» **Your objective**
Without including any images, please transcribe all the lines below exactly.

» **Records for processing**
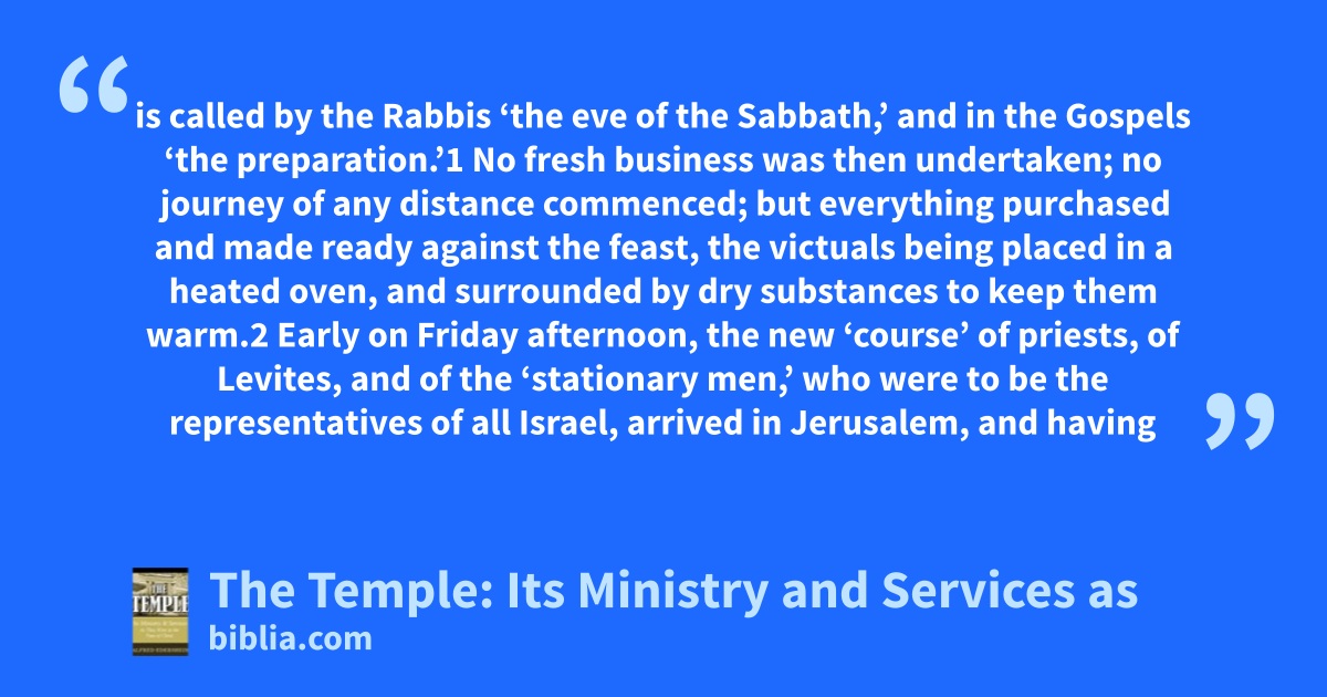 is called by the Rabbis ‘the eve of the Sabbath,’ and in the Gospels ‘the preparation.’1 No fresh business was then undertaken; no journey of any distance commenced; but everything purchased and made ready against the feast, the victuals being placed in a heated oven, and surrounded by dry substances to keep them warm.2 Early on Friday afternoon, the new ‘course’ of priests, of Levites, and of the ‘stationary men,’ who were to be the representatives of all Israel, arrived in Jerusalem, and having
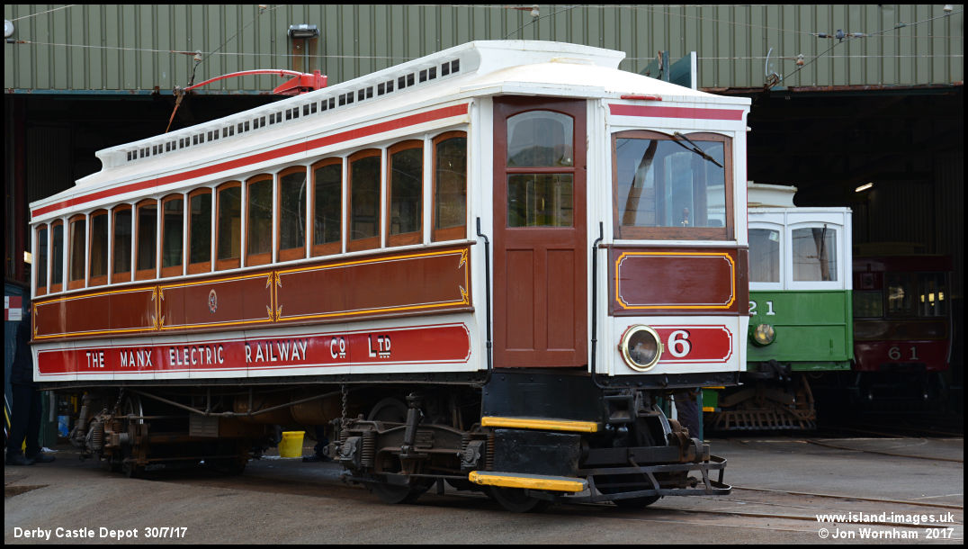 It's the fifth and final day of the 2017 Heritage Transport Festival and Car No 6 is looking great outside the depot, ready for a day of intensive services on the Manx Electric Railway
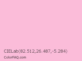 CIELab 82.512,26.487,-5.284 Color is a very light rose color and the nearest color is Cupid #fbbeda. Hex code #fabcd8 and RGB value is rgb(250,188,216). In RGB color space, this color is composed of 98% red, 74% green, 85% blue, In CMYK color space, this color is composed of 0% cyan, 25% magenta, 14% yellow , 2% black , In HSL color space, this color has a hue angle of 333° , 86% saturation and 86% lightness.
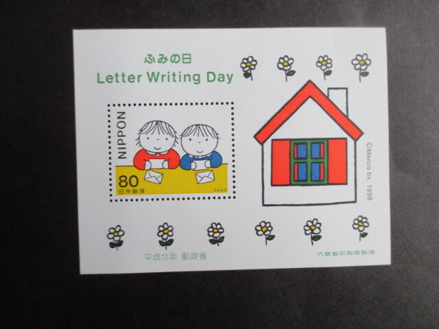 - 6-105 コレクター出品 ふみの日 記念切手★小型シート発売日 平成10年
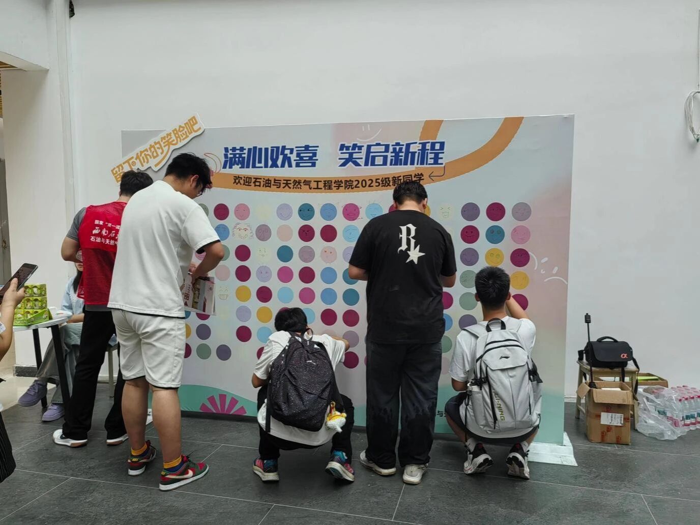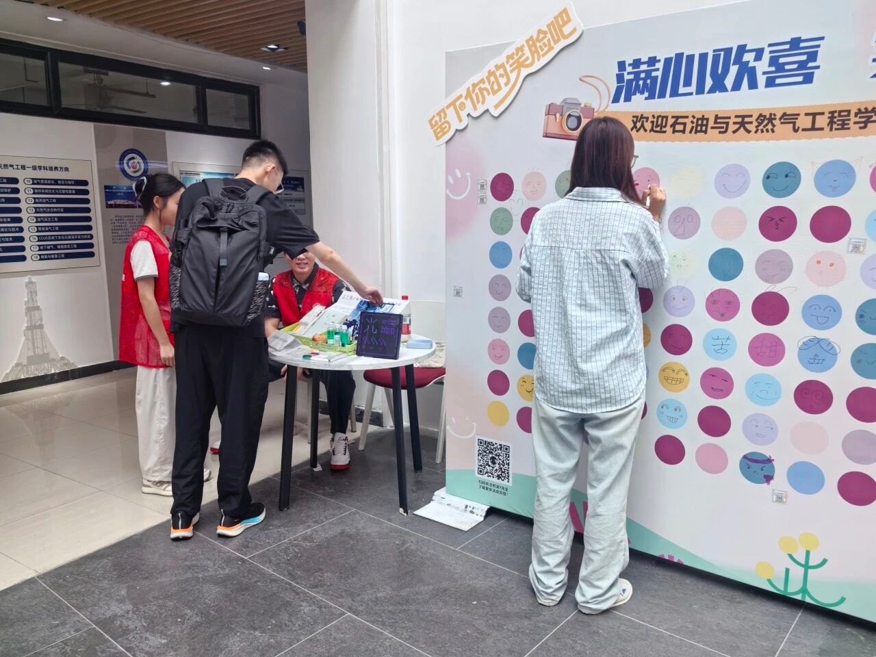 活動前期,心理服務站團隊提前籌備,在活動現場布置了專屬 “心情涂鴉墻”,并準備了色彩豐富的彩筆、馬克筆等繪畫工具,同時精心挑選了包含心理健康手冊、解壓小玩具的迎新禮品包,從細節處傳遞關懷?;顒悠陂g,工作人員主動向過往新生介紹活動規則,引導大家通過手繪表情的方式,將初入校園的緊張、期待、好奇等復雜心情直觀呈現在涂鴉墻上 —— 有的新生畫下咧嘴笑的太陽表情,表達對大學生活的憧憬;有的用柔和的色彩勾勒微笑的云朵,傳遞內心的輕松;也有同學通過簡單的線條畫出略帶羞澀的表情,展現初來乍到的拘謹。完成涂鴉后,新生可領取專屬禮品,現場氛圍溫馨活躍。
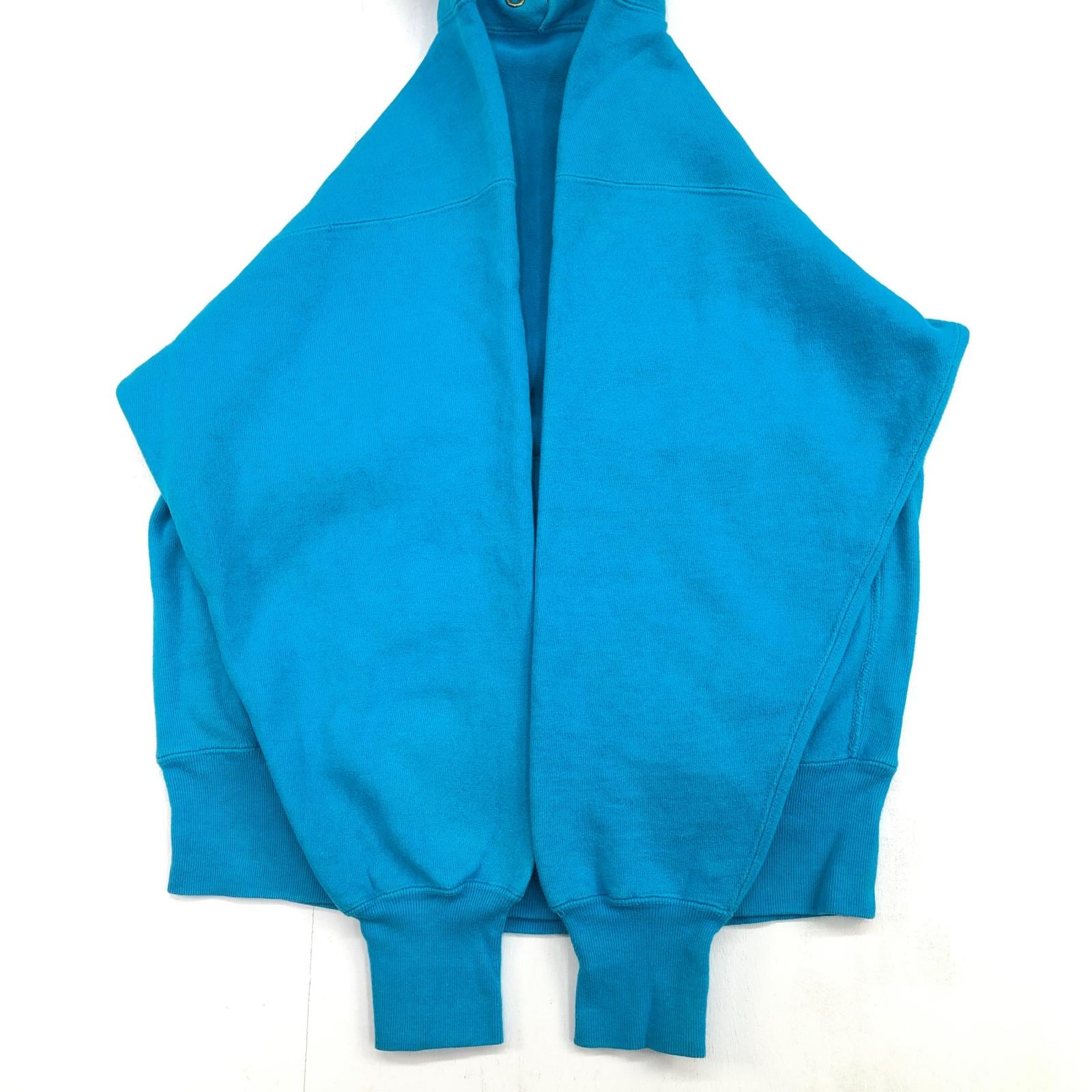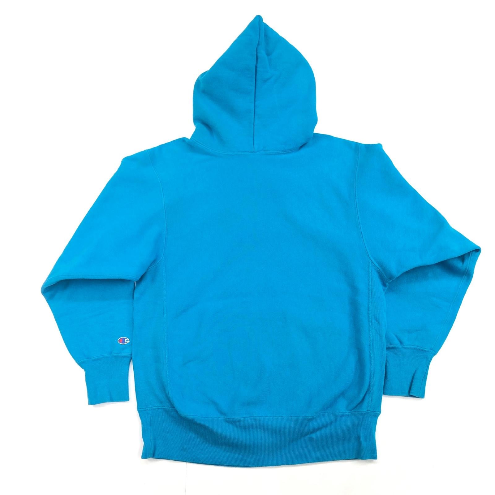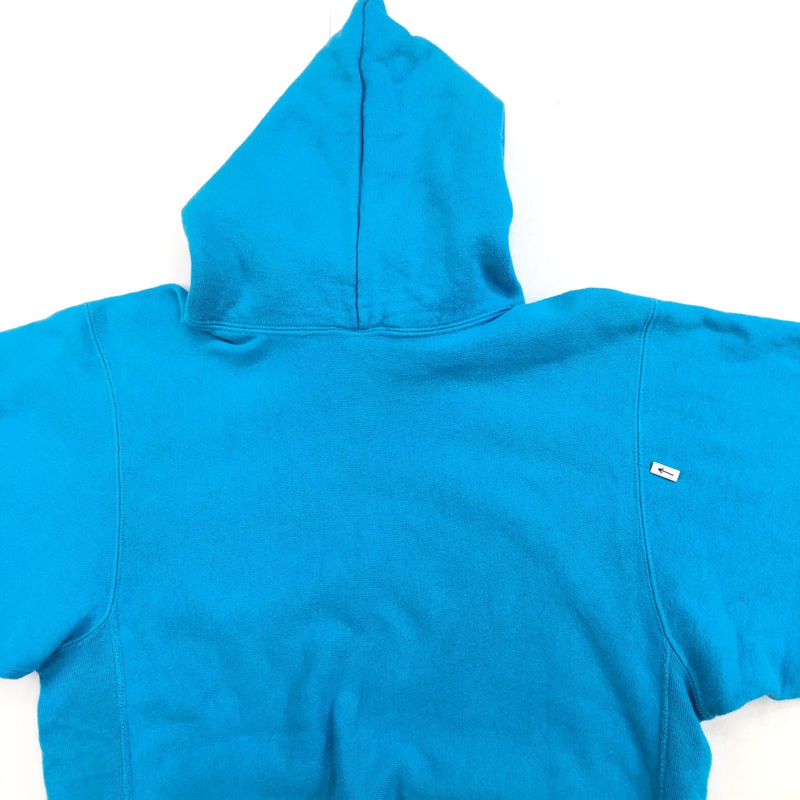 CHAMPION チャンピオン 90年代 USA製 刺繍タグ 胸袖目あり リバースウィーブ スウェットパーカー フーディー 無地 プレーン ターコイズブルー系 タグ 表記 LARGE

» **Result below**
 is called by the Rabbis ‘the eve of the Sabbath,’ and in the Gospels ‘the preparation.’1 No fresh business was then undertaken; no journey of any distance commenced; but everything purchased and made ready against the feast, the victuals being placed in a heated oven, and surrounded by dry substances to keep them warm.2 Early on Friday afternoon, the new ‘course’ of priests, of Levites, and of the ‘stationary men,’ who were to be the representatives of all Israel, arrived in Jerusalem, and having
 It's the fifth and final day of the 2017 Heritage Transport Festival and Car No 6 is looking great outside the depot, ready for a day of intensive services on the Manx Electric Railway
 CIELab 82.512,26.487,-5.284 Color is a very light rose color and the nearest color is Cupid #fbbeda. Hex code #fabcd8 and RGB value is rgb(250,188,216). In RGB color space, this color is composed of 98% red, 74% green, 85% blue, In CMYK color space, this color is composed of 0% cyan, 25% magenta, 14% yellow , 2% black , In HSL color space, this color has a hue angle of 333° , 86% saturation and 86% lightness.
 - 6-105 コレクター出品 ふみの日 記念切手★小型シート発売日 平成10年
 活動前期,心理服務站團隊提前籌備,在活動現場布置了專屬 “心情涂鴉墻”,并準備了色彩豐富的彩筆、馬克筆等繪畫工具,同時精心挑選了包含心理健康手冊、解壓小玩具的迎新禮品包,從細節處傳遞關懷?;顒悠陂g,工作人員主動向過往新生介紹活動規則,引導大家通過手繪表情的方式,將初入校園的緊張、期待、好奇等復雜心情直觀呈現在涂鴉墻上 —— 有的新生畫下咧嘴笑的太陽表情,表達對大學生活的憧憬;有的用柔和的色彩勾勒微笑的云朵,傳遞內心的輕松;也有同學通過簡單的線條畫出略帶羞澀的表情,展現初來乍到的拘謹。完成涂鴉后,新生可領取專屬禮品,現場氛圍溫馨活躍。
 CHAMPION チャンピオン 90年代 USA製 刺繍タグ 胸袖目あり リバースウィーブ スウェットパーカー フーディー 無地 プレーン ターコイズブルー系 タグ 表記 LARGE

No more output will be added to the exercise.